File metadata and controls

138 lines (99 loc) · 5.58 KB

Environment Variables

The following environment variables can be used to affect the behavior of Arrow C++ at runtime. Many of these variables are inspected only once per process (for example, when the Arrow C++ DLL is loaded), so you cannot assume that changing their value later will have an effect.

.. envvar:: ARROW_DEBUG_MEMORY_POOL

   Enable rudimentary memory checks to guard against buffer overflows.
   The value of this environment variable selects the behavior when a
   buffer overflow is detected:

   - ``abort`` exits the processus with a non-zero return value;
   - ``trap`` issues a platform-specific debugger breakpoint / trap instruction;
   - ``warn`` prints a warning on stderr and continues execution;

   If this variable is not set, or has empty an value, memory checks are disabled.

   .. note::
      While this functionality can be useful and has little overhead, it
      is not a replacement for more sophisticated memory checking utilities
      such as `Valgrind <https://valgrind.org/>`_ or
      `Address Sanitizer <https://clang.llvm.org/docs/AddressSanitizer.html>`_.

.. envvar:: ARROW_DEFAULT_MEMORY_POOL

   Override the backend to be used for the default
   :ref:`memory pool <cpp_memory_pool>`. Possible values are among ``jemalloc``,
   ``mimalloc`` and ``system``, depending on which backends were enabled when
   :ref:`building Arrow C++ <building-arrow-cpp>`.

.. envvar:: ARROW_IO_THREADS

   Override the default number of threads for the global IO thread pool.
   The value of this environment variable should be a positive integer.

.. envvar:: ARROW_LIBHDFS_DIR

   The directory containing the C HDFS library (``hdfs.dll`` on Windows,
   ``libhdfs.dylib`` on macOS, ``libhdfs.so`` on other platforms).
   Alternatively, one can set :envvar:`HADOOP_HOME`.

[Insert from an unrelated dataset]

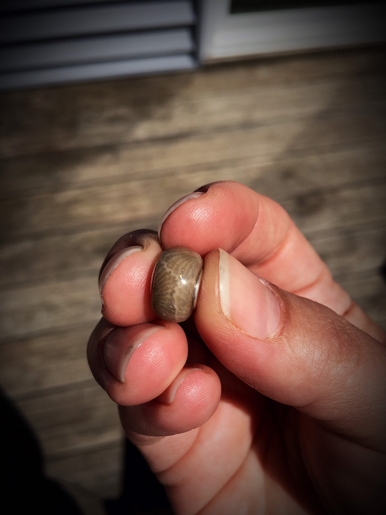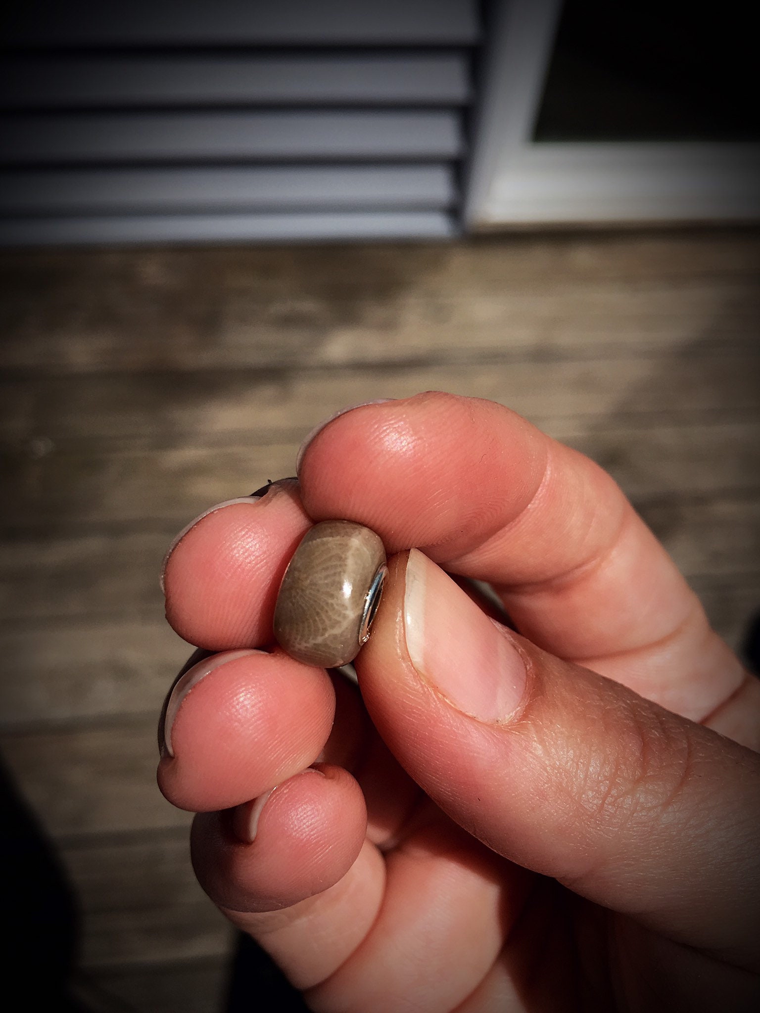 Check out this bead! This beautiful genuine Petoskey Stone Charm Bead is a stand alone piece! If you've never seen a polished Petoskey stone, they are nothing like you've ever seen! This bead fits most, if not all charm bracelets!!

.. envvar:: ARROW_TRACING_BACKEND

   The backend where to export `OpenTelemetry <https://opentelemetry.io/>`_-based
   execution traces.  Possible values are:

   - ``ostream``: emit textual log messages to stdout;
   - ``otlp_http``: emit JSON traces to a HTTP server (by default, the endpoint
     URL is "http://localhost:4318/v1/traces");
   - ``arrow_otlp_stdout``: emit JSON traces to stdout;
   - ``arrow_otlp_stderr``: emit JSON traces to stderr.

   If this variable is not set, no traces are exported.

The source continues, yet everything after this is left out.